Spread Collaborative for Tuberculosis Management in Cochabamba, Bolivia

Date improvement activities began: 
March, 2011
Date of end of collaborative: 
July, 2012

The collaborative sought to improve the quality and coverage of Tuberculosis (TB) control activities in Cochabamba, Bolivia, based on best practices identified during a demonstration phase collaborative in El Alto, Bolivia. Specifically, the objectives of the collaborative were to:
- Increase the capture of respiratory suspects and TB cases
- Reduce the percentage of unusable sputum samples
- Improve the cure rate among TB cases
- Reduce the abandonment rate among TB patients
- Increase the detection of MDR-TB cases
- Improve the quality of care and case management of MDR-TB patients
- Increase the detection of TB-HIV co-infections
- Increase conformity among quality control samples
In addition to objectives related to the quality of TB care, the collaborative also sought to strengthen the managerial capacity of the regional TB office and health networks.

Implementation package/interventions: 

The best practices identified in the demonstration phase served as the change package for this collaborative. As in the demonstration phase, the implementation package was organized around major issues in TB management identified in the needs assessment, such as the quality of sputum samples and logistical management of medication, among others. Key changes are detailed below.

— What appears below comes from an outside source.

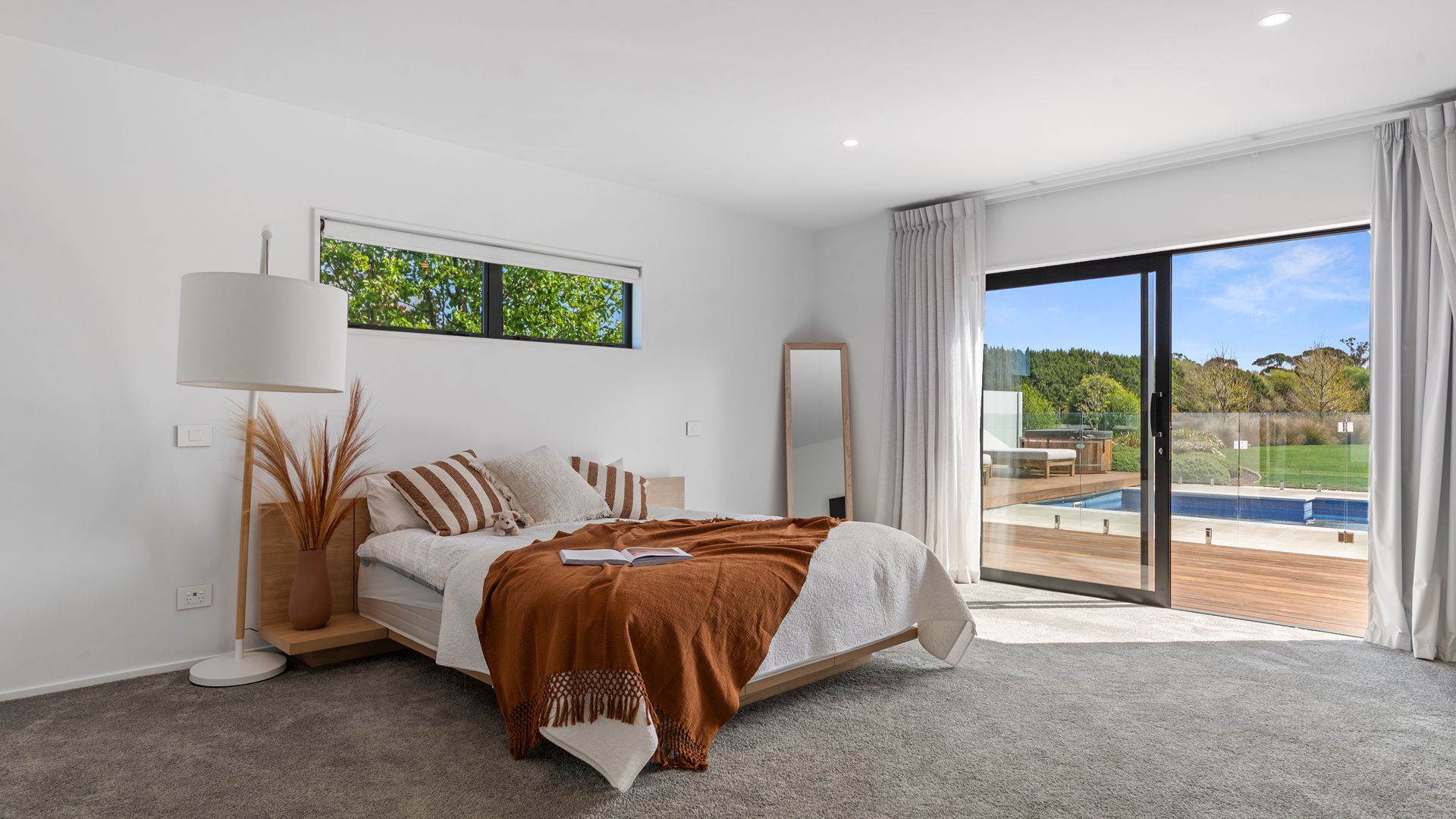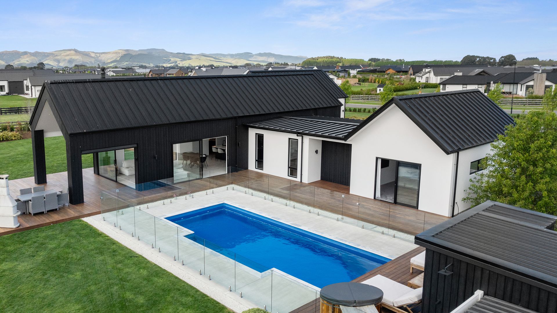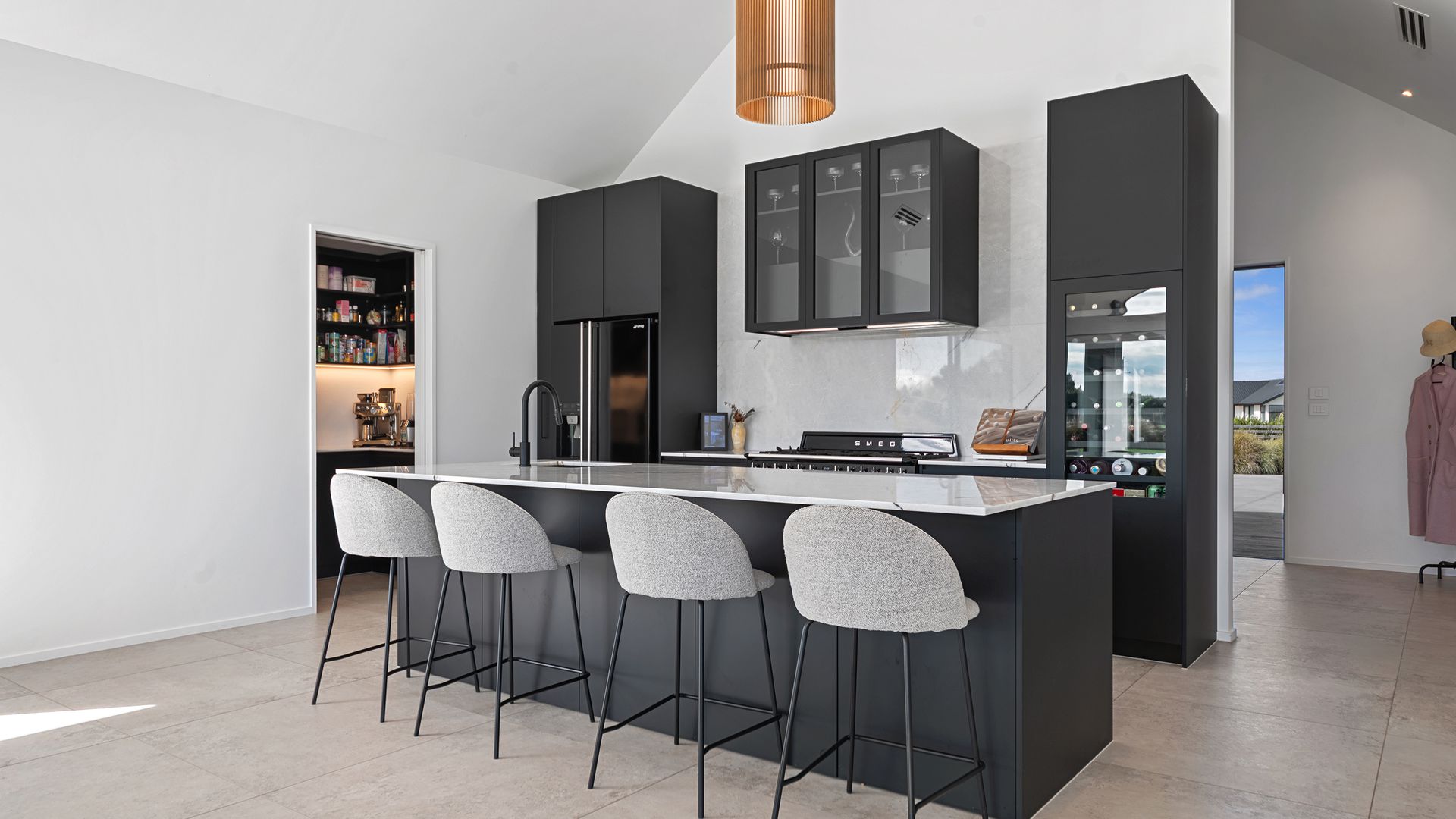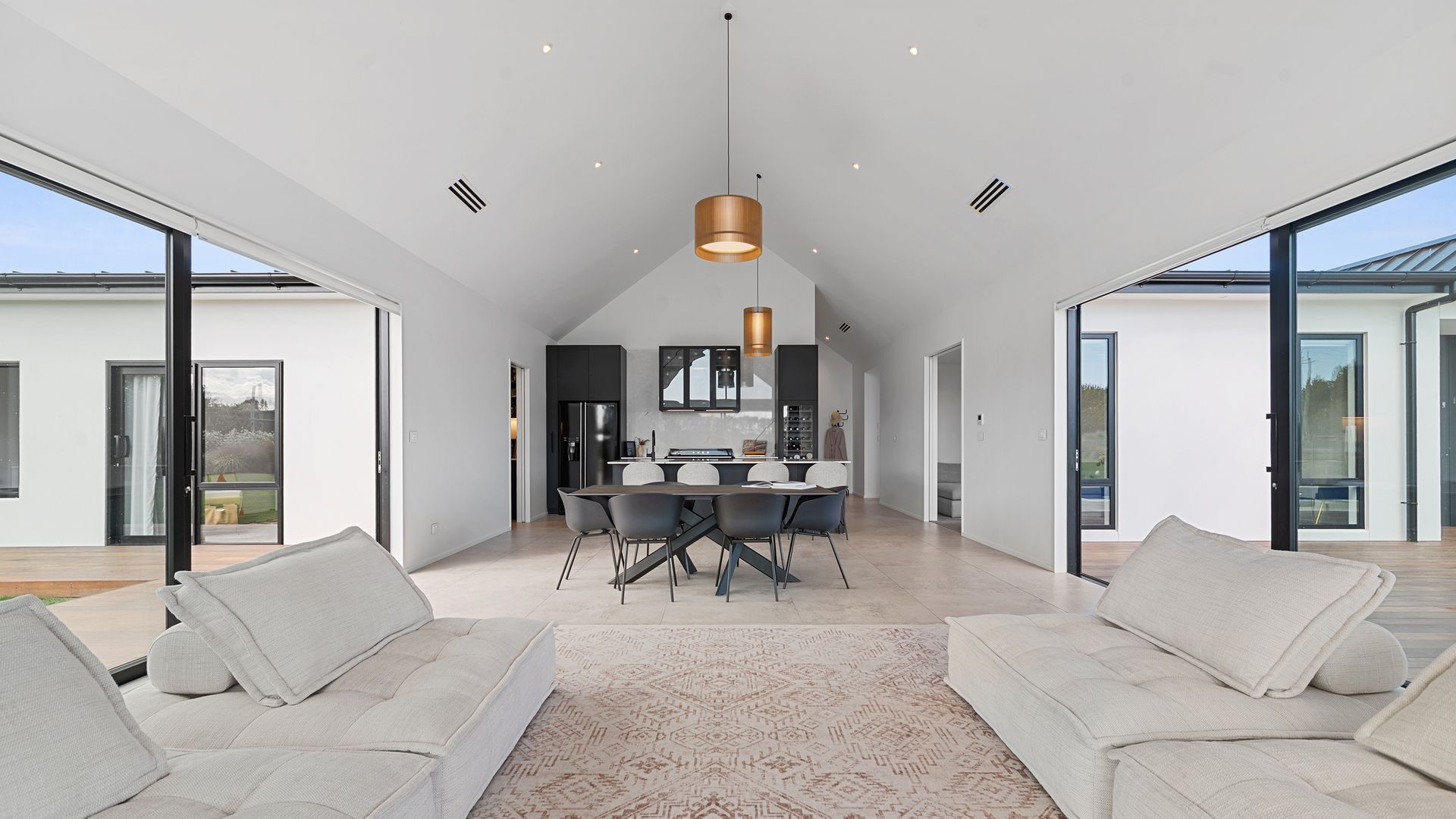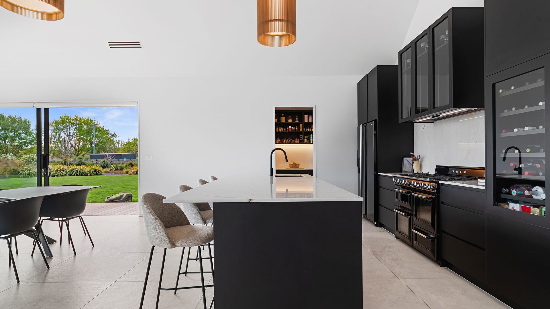 The beautifully crafted home offers modern elegance combined with functional and practical everyday living. The heart of the home is the kitchen, featuring an expansive standalone bench with a marble benchtop, designer cabinetry, a Smeg Victoria stove, and a butler's pantry. This overlooks the expansive, light, and bright living area, featuring a cathedral ceiling and easy access to the covered outdoor entertaining area and heated pool area.

Quality of sputum samples:
1. Educate patients about what a usable sputum sample looks like by building and using a sputum sample model for patient education
2. Give privacy to patients providing a sputum sample by designating a “Sputum Sample Unit,” a private area away from waiting rooms and other patients
3. Create a patient education video that demonstrates how to provide a proper sputum sample
4. Humidify the area where patients provide sputum samples

Logistical management of medication:
1. Introduce “DOTS boxes,” a dedicated complete treatment course for each patient stored in an individual box at the facility
2. Build and use a file organizer to manage patient files
3. Complete routine medication stock assessments and complete ordering on time to prevent stock outs
4. Regularly track and analyze indicators related to medication stocks and use

Maintaining patients in treatment to improve cure rates:
1. Assign a “godparent” to each patient, a staff member of the health facility to follow up with the patient throughout the six month treatment period
2. Incentivize staff by providing a half day of vacation each time one of “their” patients is deemed cure with a negative bacilloscopy
3. Hold patient-family meetings to involve families in patients’ care to increase support
Additionally, HCI and the MSD designed a CD-ROM training course on TB management for health care providers. Staff at participating facilities completed the course. HCI also provided support for laboratory personnel and worked to increase linkages between laboratories and health facilities.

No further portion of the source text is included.